Thursday, November 10, 2016

A Seat at the Table, a Voice in the Corner

(Crossposted to Daily Kos.)

I’ve seen a lot of angry progressives over the last few days. While it is definitely time to look at why we lost, it is not and never will be a time to cast blame. Finding a problem and fixing it is important and necessary; finding a reason why it’s not your fault is just an exercise in ego-preservation and will only lead to a whole bunch of new mistakes next time as we fix every problem but the ones we’re responsible for making.

So, let’s talk...calmly and without rancor...about Hillary as a candidate, and the other choices we had...and the other choices we didn’t have.
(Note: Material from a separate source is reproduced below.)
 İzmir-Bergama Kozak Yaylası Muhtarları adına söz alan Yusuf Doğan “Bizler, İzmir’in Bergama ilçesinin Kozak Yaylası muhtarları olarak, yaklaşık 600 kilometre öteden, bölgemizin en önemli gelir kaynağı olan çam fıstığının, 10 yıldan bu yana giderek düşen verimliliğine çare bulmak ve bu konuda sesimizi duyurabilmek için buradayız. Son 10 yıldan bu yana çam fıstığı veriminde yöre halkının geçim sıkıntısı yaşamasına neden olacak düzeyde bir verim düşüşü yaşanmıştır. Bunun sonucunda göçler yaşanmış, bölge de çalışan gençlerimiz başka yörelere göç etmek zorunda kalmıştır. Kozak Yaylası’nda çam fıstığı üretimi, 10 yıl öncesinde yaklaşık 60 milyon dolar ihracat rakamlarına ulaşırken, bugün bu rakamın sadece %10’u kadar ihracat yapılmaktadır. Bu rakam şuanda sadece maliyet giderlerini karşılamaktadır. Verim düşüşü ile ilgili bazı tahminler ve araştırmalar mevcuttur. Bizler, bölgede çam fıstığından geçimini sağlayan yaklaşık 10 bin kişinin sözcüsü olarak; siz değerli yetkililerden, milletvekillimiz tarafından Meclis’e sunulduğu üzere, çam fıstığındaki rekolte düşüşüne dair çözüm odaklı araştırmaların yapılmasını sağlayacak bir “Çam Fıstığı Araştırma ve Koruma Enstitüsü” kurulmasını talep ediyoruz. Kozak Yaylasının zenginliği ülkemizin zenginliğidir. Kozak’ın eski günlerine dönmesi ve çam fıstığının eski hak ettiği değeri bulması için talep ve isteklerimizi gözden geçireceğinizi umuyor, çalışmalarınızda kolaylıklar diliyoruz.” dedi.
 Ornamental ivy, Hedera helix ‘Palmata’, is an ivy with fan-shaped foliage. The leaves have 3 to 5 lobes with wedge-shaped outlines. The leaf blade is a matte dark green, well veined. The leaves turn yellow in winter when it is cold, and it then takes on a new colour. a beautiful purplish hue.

Hillary, in retrospect, was everything we tried to convince ourselves she wasn’t. She was a wonderful woman, a great civil servant, a hero that the American people frankly don’t deserve...but she was also a polarizing figure that the vast majority of Americans had already made their mind up about, who was too reserved and guarded to be an effective campaigner. She did her best, but she was always going to be better as a Secretary of State where she could play to her strengths than as a speaker out on the stump. We told ourselves that we could overcome that and we almost did, but the flaws were what we thought they were.
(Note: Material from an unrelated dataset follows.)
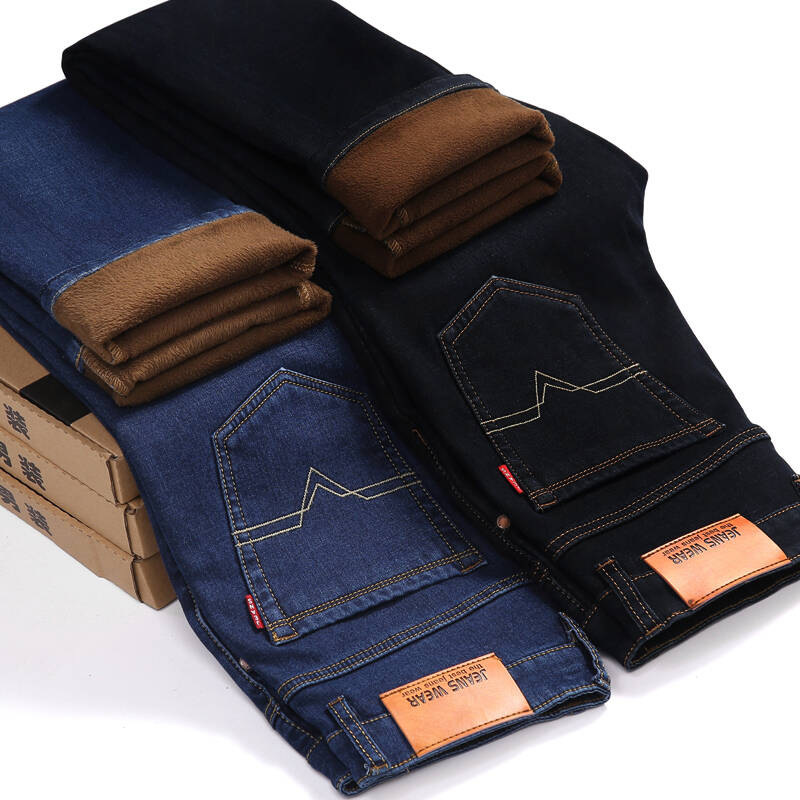 商务男裤子中年人冬天带绒休闲裤蓝黑色 .

Bernie Sanders...was pretty much the same. Not that he didn’t differ with Hillary, but his differences were not the kind of differences that would have swung the election. He would have come out with a more fiery, more progressive message...but his message would not have swayed the voters that came out for Obama and stayed home for Hillary. Because his message to minorities, and her message to minorities, was the same. “Trust me to represent you and I’ll be a voice in your corner.” And I think that from now on, the Democratic Party is going to accept that this simply isn’t good enough anymore.

Because we’ve had Barack Obama. I’m 41, and he is the best President we’ve had in my lifetime. I think I’d say the same thing if I was 51 or 61 or even possibly 71. He performed magnificently under conditions that were almost impossible. He was an inspiring leader and a forceful voice in polarized circumstances. And his coalition, the coalition that got him elected and re-elected despite the best efforts of obstructionists and racists, is a diverse coalition of minorities. They have seen that a black man can be President and can do a damn fine job. A promise is not good enough for them anymore. Nor should it be.
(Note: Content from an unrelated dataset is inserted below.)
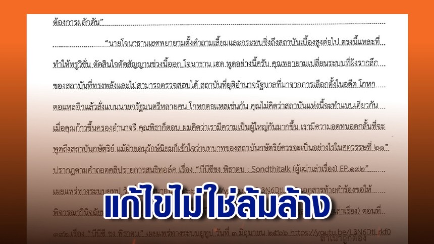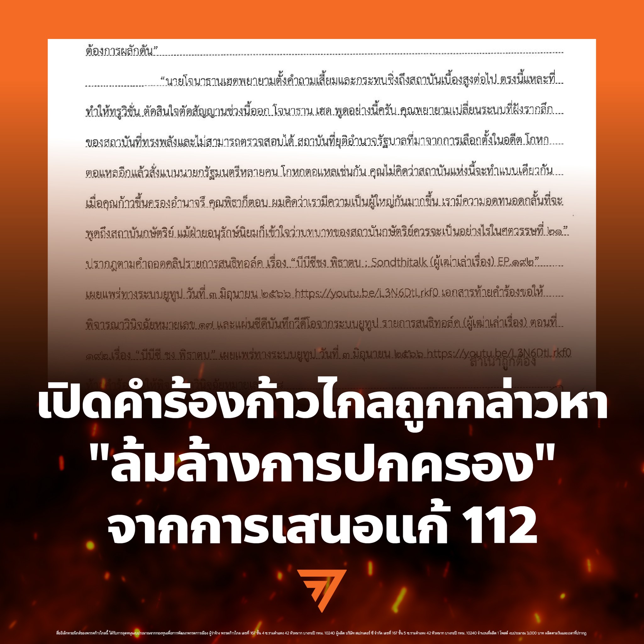 'ก้าวไกล' เปิดคำร้องฉบับเต็ม ถูกกล่าวหา "ล้มล้างการปกครอง" เหตุเสนอแก้ ม.112 ยันแก้ไขไม่ใช่ล้มล้าง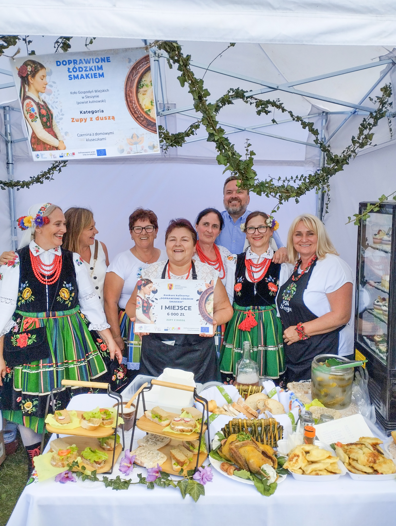 W kategorii „Zupy z duszą” gospodynie postawiły na regionalne smaki, bo dominowały żury, zalewajki i kapuśniaki. Nie zabrakło zupy śledziowej, maślanki czy zup owocowych. Panie wyśmienicie połączyły klasykę kuchni z nowoczesnym podaniem i oryginalnymi przyprawami, a podniebienia jurorów zachwyciła czernina z domowymi kluseczkami. I to właśnie ta zupa ugotowana przez KGW w Śleszynie (pow. kutnowski) otrzymała pierwszą nagrodę. Jak mówią gospodynie, to zupa nawiązująca do historii wsi i lokalnej, żychlińskiej kuchni, w której nic się nie marnowało.

If the Democratic Party and the progressive movement is going to be a coalition of minority voters, the candidates we put forward should reflect that. If minority support is the difference between a D and an R in the White House, then they deserve a seat at the table, not just a voice in their corner. They deserve to look at a candidate that reflects them, not just another member of the white establishment making promises. Anyone can make promises. Trump made promises. Actions speak louder than words here, and the actions of the Democratic Party were to follow up the historic election of America’s first African-American President with Lincoln Chafee, Jim Webb, Martin O’Malley, Hillary Clinton and Bernie Sanders, and tell minorities, “It’s cool, they’re all woke!”

(And in hindsight, Tim Kaine was the most adorably terrible choice for VP Hillary could possibly have made, for those same reasons.)

In 2020, we have to do better. We have to show that the Democratic Party does not just pay lip service to our core constituencies, we respect their ability and their perspective and their patriotism. It is time for people like Hillary, Bernie...and yes, me too, white guy speaking...to sit down and let someone like Ilhan Omar be a voice in my corner for a change.